Священник бросал по сторонам испуганные взгляды. Что еще ожидало его в этом сумасшедшем доме с единственным обитателем? Или уже с двумя?
– Как насчет картишек? – спросила Большая Мама после паузы. – Пошлепаем?
– Я… не играю, – промямлил он. Прозвучало это не слишком убедительно.
– Бросьте, священник. Признайтесь, был грешок? Неужто ни разу не играли? Не верю. Быть того не может. А в семинарии? В перерывах между онанизмом?
– Ну знаешь ли!.. – взвился священник. – С меня хватит!
– Что, без перерыва?! Вот это да! Вот это мужик! «Знаете, каким он парнем был?..» Учту на будущее. Вы, священник, простите за выражение, потомственный интеллигент. В «очко» я вам не предлагаю. Значит, распишем пульку. С болваном. Аминь.
– А кто болван? – подозрительно спросил священник.
Большая Мама издала смешок Фантомаса, от которого у попа забегали по спине мурашки.
– Для разнообразия – не ты. Болвана сейчас сделаем.
По необъяснимой причине священнику стало нестерпимо страшно. Что-то зашевелилось и зачавкало в полумраке – словно механический дьявол пробуждался от многолетней спячки.

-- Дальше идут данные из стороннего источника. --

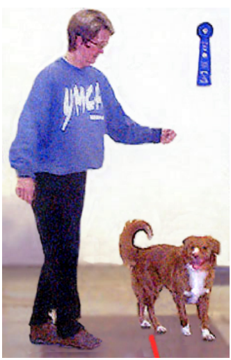
Handler is backing up from the right side of the mat to the left to return. Dog went away and will return on the red line.

When you get to the end of your mat (this is the complicated part), stop, then back up to your left until you're on the opposite side of the mat, facing back the way you came. Find another eyetarget, and go back to the beginning. Your left hand at shoulder height out from your body followed a path down the centre of the mat both going out and coming back. Wow! You're a star! Notice that if you'd had a dog on a leash, the dog would have been able to walk straight up the centre of the mat, and straight back down the centre of the mat, without zigzagging at all. Or at least, if you practised this a few more times by yourself, that's what could happen!

– Кого оживлять будем? – осведомился реаниматор загробным голосом.
– В смысле?
– Тебе что, каталог показать?! – возмутилась Большая Мама. – Не возникайте, священник. Проще надо быть… «На тридцать восемь комнаток – всего одна уборная…» Иосиф Виссарионович вас устроит?
– Не знаю я никакого Иосифа Висса…
– О черт! Ну и зануда попался! «В жизни, как обычно, нет гармонии…» Может, тогда Горби? Или Лизка Тейлор? Синдюшка? Без ничего, а? У нас тут все нудисты. Не стесняйтесь, священник. Мне без разницы, кого лепить, – хоть бритого Чебурашку. Аминь.

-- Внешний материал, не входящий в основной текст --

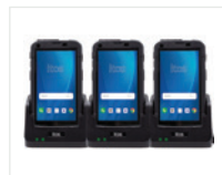
Multiple Charging Cradle
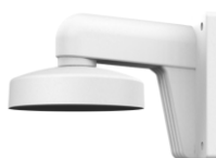
DS-1273ZJ-135 Wall mount

– Мне тоже все равно, – мрачно проворчал священник, которому и впрямь стало почти все равно. Он ощущал чудовищную умственную усталость и был на грани срыва. – Сама выбирай.
– Принято. Вот и чудненько. Пусть будет Элвисик. Красивый мальчик, вы уж не обижайтесь на меня, священник. Элвис-пелвис. «Лав ми тендер, лав ми свит…» Старая стала. Сентиментальная…

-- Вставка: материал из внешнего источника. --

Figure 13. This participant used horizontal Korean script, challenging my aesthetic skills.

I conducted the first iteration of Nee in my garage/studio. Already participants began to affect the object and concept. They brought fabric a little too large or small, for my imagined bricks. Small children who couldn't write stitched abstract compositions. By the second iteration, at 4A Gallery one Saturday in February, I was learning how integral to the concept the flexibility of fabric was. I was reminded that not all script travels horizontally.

– Понимаю, – поддакнул поп, теряя опору в реальности.
– Играть будем на внутренние органы, – объявила Большая Мама.
– На чьи органы? – спросил уже совершенно обалдевший священник, хотя ответ был очевиден.
– На ваши, уважаемый белковый организм! Лично я проигрывать не собираюсь… Печень – сто вистов; желудок – пятьдесят; сердце – двести; серое вещество, извините, двадцать пять. Запишите, чтобы потом не было претензий…
– Да пошла ты! – рявкнул поп. Оказалось, что даже его терпение имеет границы. Лучше быть заколотым и разделанным, как последняя свинья, чем терпеть подобные издевательства…
– Ого! Какой горячий мужчина! Я так и думала. Насчет этого я никогда не ошибаюсь, можешь поверить… Я жду, животное. Жду, когда ты меня приласкаешь… «Зачем тебя я, милый мой, узнала, зачем ты мне ответил на любовь?..»
Священник застонал сквозь крепко сжатые зубы и невольно посмотрел вверх, словно ждал помощи ОТТУДА. Его взгляд наткнулся на мутный стеклянный глаз камеры. Совершенно безжизненный. И все же…
– Поняла вас, священник, – сказала Большая Мама, проявляя неожиданную покладистость. – Хотите перейти прямо к делу? Действительно – к чему эти игры! Мы же с вами не дети. «Я за ночь с тобой отдам все на свете!..» Вы читали роман «Сто лет воздержания»? Это про меня и про вас. Так обрадуй меня поскорее, мой страстный! Приступим к главному. Изюминка вечера. Белый танец. Танцуют все! Аминь.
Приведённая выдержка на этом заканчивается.